====== Provided data ======
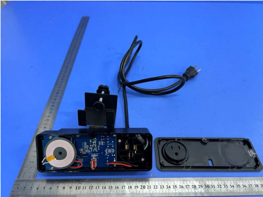
Photo 7 Appearance of PCB
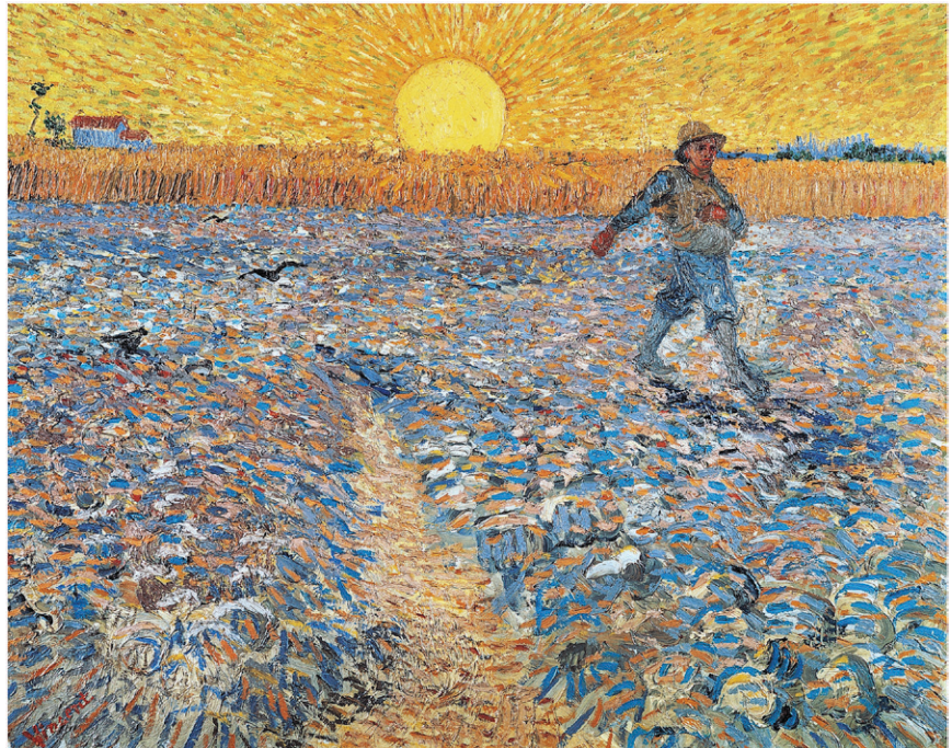
Sowing seeds: A century after Van Gogh, agriculture in his native country started to become highly reliant on seeds coated with systemic pesticides. Ecologists are now warning that their accumulation in the environment affects a wide range of species, including birds.

While correlation does not prove causation, the authors have carefully controlled for several possible causes, leaving the pesticide contamination as a likely factor contributing to the
======
What the task requires
Write out all of the data above exactly, pictures excluded.

Your response
Photo 7 Appearance of PCB
Sowing seeds: A century after Van Gogh, agriculture in his native country started to become highly reliant on seeds coated with systemic pesticides. Ecologists are now warning that their accumulation in the environment affects a wide range of species, including birds.

While correlation does not prove causation, the authors have carefully controlled for several possible causes, leaving the pesticide contamination as a likely factor contributing to the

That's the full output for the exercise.